Prior art: Java's java.util.Matcher.start() [1], Python's re.MatchObject.start() [2].

Comments, suggestions?

Mark

[1] docs.oracle.com/javase/1.5.0/docs/api/java/util/regex/Matcher.html#start(int) [2] docs.python.org/library/re.html#match

# Steven Levithan (13 years ago)

Definite +1 on adding some way to determine capturing group match start positions.

Mark Macdonald wrote:

This makes it hard to write something like a regex coach, which takes an arbitrary regular expression and input string, and outputs a highlighted version of the input string showing where the capturing groups matched.

It makes it impossible to do accurately. There are a few crude approaches I’ve pursued in the past to make something like this work with handcrafted regexes in some cases only. E.g., you can use str.replace() to insert markers before and after backreferences, and then check for the position of your markers after the fact. But that certainly won’t work with any arbitrary regex fed in via a regex tester. Captured subpatterns might not even appear within the text of the match, due to lookahead.

There are several JavaScript regex testers that try to report backreference positions, but they are incredibly easy to fool. See, e.g., leaverou.github.com/regexplained (plus LeaVerou/regexplained#7 ) and www.gethifi.com/tools/regex .

As for the proposed implementation, I have a few concerns:

  1. The main issue I see is that the proposal doesn’t provide a clean way to support named backreferences, should a future version of ES add named capturing groups. Future ES might want to share the proposed captures array or object for providing named backreferences, as well as their match positions. xregexp.com/syntax/named_capture_comparison shows where named backreferences are stored in various regex flavors (usually accessible via a method named group() or groups(), although XRegExp stores named backreference properties directly on the result array).

  2. Keep in mind that, since str.match(nonglobalregex) is an alias of regex.exec(str), anything added to regex.exec() should also be added to the nonglobal str.match() overload.

  3. IMO, the name captures is misleading, given the specific proposal, since it seems to suggest that it stores the backreferences themselves, rather than their start positions.

  4. I dislike the idea of excluding backreference zero (i.e., the entire match) from any result array.

  5. The proposal does not mention what should happen when trying to access the start position of a nonparticipating capturing group.

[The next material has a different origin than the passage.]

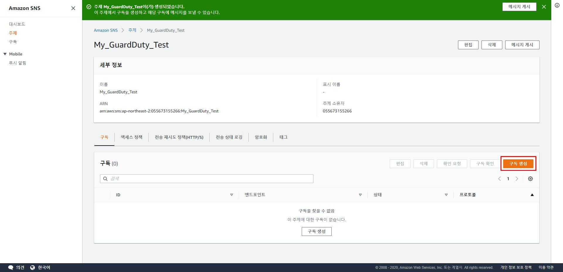 <해당 주제의 페이지에서 '구독 생성' 클릭>
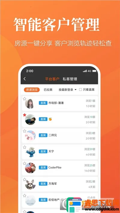 2. 访客浏览轨迹轻松看:能智能分析客户浏览房源情况,包括喜欢的价位、户型、小区以及在线频繁时间等,助您更懂客户,实现数字化运营,高效精准成交。

Presumably, the value should be null or undefined.

Thanks for mentioning the prior art of java.util.Matcher.start() and Python's re.MatchObject.start(). They offer an alternative design that might be better, assuming that adding a start() method to the array returned by exec() is an acceptable solution. If future ES adopts named capture, it would be easy to change such a method to accept strings in addition to integers. (For whatever reason [probably just omission], Java 7’s Matcher.start() doesn’t accept strings, even though Java 7 supports named capture.)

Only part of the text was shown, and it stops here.